To create an image with hotspots i.e. locations where you can click to get up a popup or a link to a corresponding topic, you need to use the Hotspot Editor.
  • Open the Hotspot Editor (SHED.exe) and click File>Open. Select the image you want.
  • Once you open the image, you can click and drag the a hotspots, which will be show as rectangles. Drag them around the area you want to be active.
  • Once you've drawn the hotspot, right click on it to see the options. The Context String should be the topic id of the topic you want displayed or the id of the macro you want to run. Type can be a popup, a jump to the topic or a macro that'll run. Attribute decides if the bounding box for the hotspot will be visible or not. The Hotspot Id is optional. I use the same string as the topic id.
  • Once you've decided your hotspots and entered their context strings, save. The file will be saved as a .shg file.
  • To use this file, simply use the same method you used for the image. {bmc filename.shg}
  • To link your help file to your VB project you can follow two ways. With both, whenever the user presses F1 on the keyboard, the help file will be opened.

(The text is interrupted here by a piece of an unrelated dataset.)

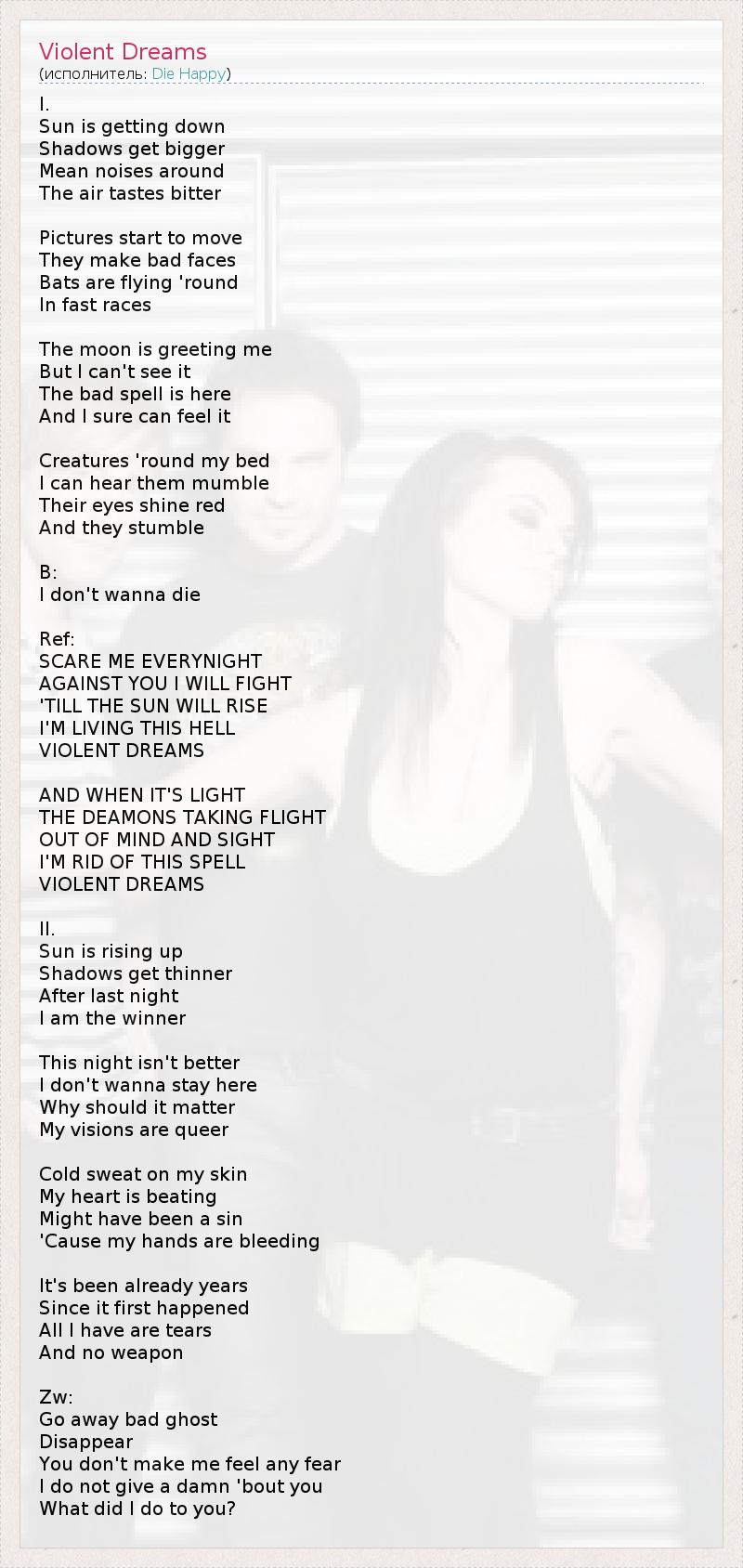 I. Sun is getting down Shadows get bigger Mean noises around The air tastes bitter Pictures start to move They make bad faces Bats are flying 'round In fast races The moon is greeting me But I can't see it The bad spell is here And I sure can feel it Creatures 'round my bed I can hear them mumble Their eyes shine red And they stumble B: I don't wanna die Ref: SCARE ME EVERYNIGHT AGAINST YOU I WILL FIGHT 'TILL THE SUN WILL RISE I'M LIVING THIS HELL VIOLENT DREAMS AND WHEN IT'S LIGHT THE DEAMONS TAKING FLIGHT OUT OF MIND AND SIGHT I'M RID OF THIS SPELL VIOLENT DREAMS II. Sun is rising up Shadows get thinner After last night I am the winner This night isn't better I don't wanna stay here Why should it matter My visions are queer Cold sweat on my skin My heart is beating Might have been a sin 'Cause my hands are bleeding It's been already years Since it first happened All I have are tears And no weapon Zw: Go away bad ghost Disappear You don't make me feel any fear I do not give a damn 'bout you What did I do to you?

One is to set the Help File Name under the General tab of the projects Properties dialog (Right click your project, select projectname Properties. But with this you limit yourself to an absolute path that'll need to be the same all the time to use the help file. The other way is to add the following lines to your code so that if the help file is simply placed  in the same location as the application, it'll be used. For other options and information on using help files with VB, you should check out the MSDN Library.
                App.HelpFile = App.Path & "\helpfilename.hlp"

Context Sensitive Help

  • To allow for context sensitive help, you need to give map the topic ids to numeric values. To do this, open the help project for your help file. Click on the Map button on the left. In the dialog box, click on Add. Enter the topic id you want to map and give it a numeric value. It is up to you to assign unique numeric values. Click Ok on both dialogs.
  • Now, in your VB project, select a particular control in the Form Design window and select the HelpContextID property. Here, you should type in the numeric value that you assigned to a particular topic during the map step. Now, whenever that control is selected, and the user presses F1, that particular topic will automatically be opened. You can also choose to have a popup in a WhatsThis style by setting a few more properties. Once again, check out the MSDN Library.
And thats it, you've made a help file, added images, hotspots, linked to a project and added context sensitive help. For more stuff look at the help file with the Help Workshop. I've only used these features as of now, it was all that I needed.